During the ‘80s and ‘90s, a new craze turned the attention of baseball-card-amassing kids everywhere to cards of a much less wholesome variety. The hottest collector’s commodities shifted from Hank Aaron and Babe Ruth to the Garbage Pail Kids, infamous for uncouth characters like Adam Bomb and Up Chuck. Topps, a brand known for chewing gum, first introduced the rotten rascals in 1985. Originally a promotional vehicle for the company’s product, the cards came in packs of five — and (duh!) — contained a signature stale stick of Topp’s chewing gum.
Each card showcased a different member of the Garbage Pails Kids motley crew, whose likeliness could be peeled off the card in sticker form. Each sticker card character possessed a name indicative of whatever comical affliction or humorous fate it suffered from, and each character had a doppelganger with a different name within the collection — Adam Bomb had Blasted Billy, and so forth. From Flat Pat, who was pancaked by a steamroller, to Electric Bill, who was strapped into a high-voltage chair, these guys were wildly inappropriate… and mildly addictive.

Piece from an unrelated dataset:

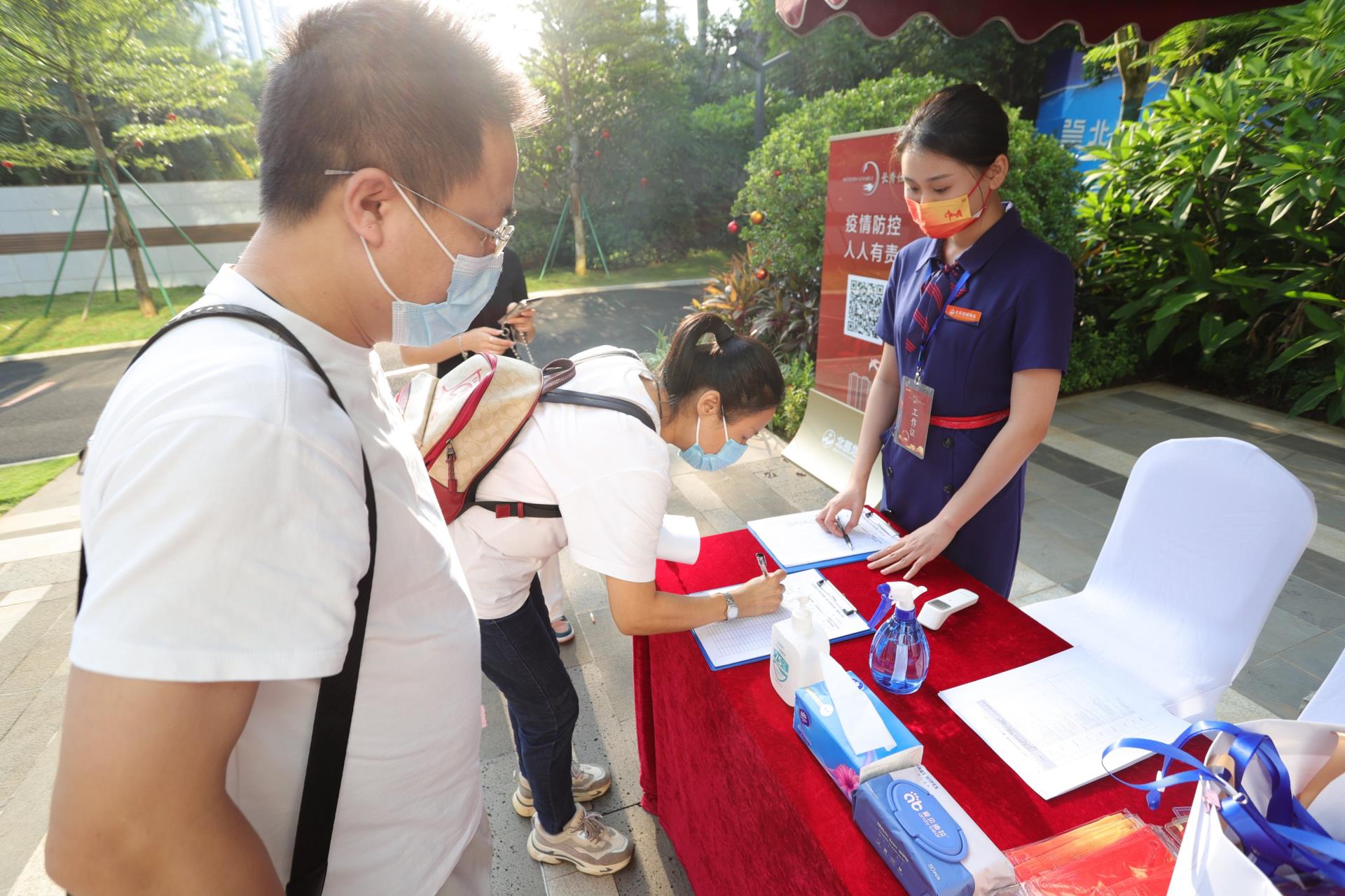 选房活动开始第一天,早上7点,AG凯发府营销中心外人头攒动。参加选房活动的客人早早来到现场,在项目工作人员的引导下,有序开展健康码和行程码查验、测量体温、签到、身份核验等流程,进入选房主会场落座等候。8点整,选房活动正式开始。在海口市南海公证处工作人员的监督下,选房对象按照顺序号依次入场、在票箱中抽取房签,并进行现场确认和公示。活动全程进行摄像并直播,充分体现了公开、公平、公正的原则,有效保障选房对象的合法权益,得到主管部门与客人的高度认可。

Unlike the Cabbage Patch Dolls, which they parodied, the Garbage Pail Kids didn’t sprout from rows of garden greens. Instead, they were spawned from the gloppy goop coming out of a garbage can. Topps released 15 original series of the sticker trading cards in the United States, along with fold-out posters and sets abroad (potty humor is apparently hilarious no matter which way the water in your toilet bowl flushes). The hype surrounding these gross little guys reached a fever pitch in 1987 with the release of The Garbage Pail Kids Movie. Coincidentally, the film flopped harder than GPK Fat Matt cannonballing into a kiddie pool.
A box office bust turned out to be the least of the worries for the Garbage Pail Kids. First, schools began banning the cards for being class distractions. Then came the trademark infringement suit by the makers of Cabbage Patch Kids. Topps settled out of court, agreeing to slightly alter the appearance of the GPK gang so they didn’t look exactly like — er, favor — the Cabbage Patchers. The damage had been done, however, and sales had dwindled so much by 1988 that another series was never produced.
To the delight of fans, the Garbage Pail Kids belched their way back onto the scene in 2003 by way of Topps’ All-New Series (ANS). The following five years brought more crass kids courtesy of ANS2 through ANS7. And then there was about zilch on the gag-inducing gang… until now. Earlier this year, Topps announced plans to launch a new GPK franchise full of new characters more reminiscent of the rabble-rousing ‘80s originals. The set, which will be called Brand New Series 1 (BNS1), is slated for release on Oct. 24. And, as if that weren’t enough news for fans to begin steeling their stomachs in preparation, former Disney CEO Michael Eisner has declared his company will be producing a new movie based on the slovenly brood.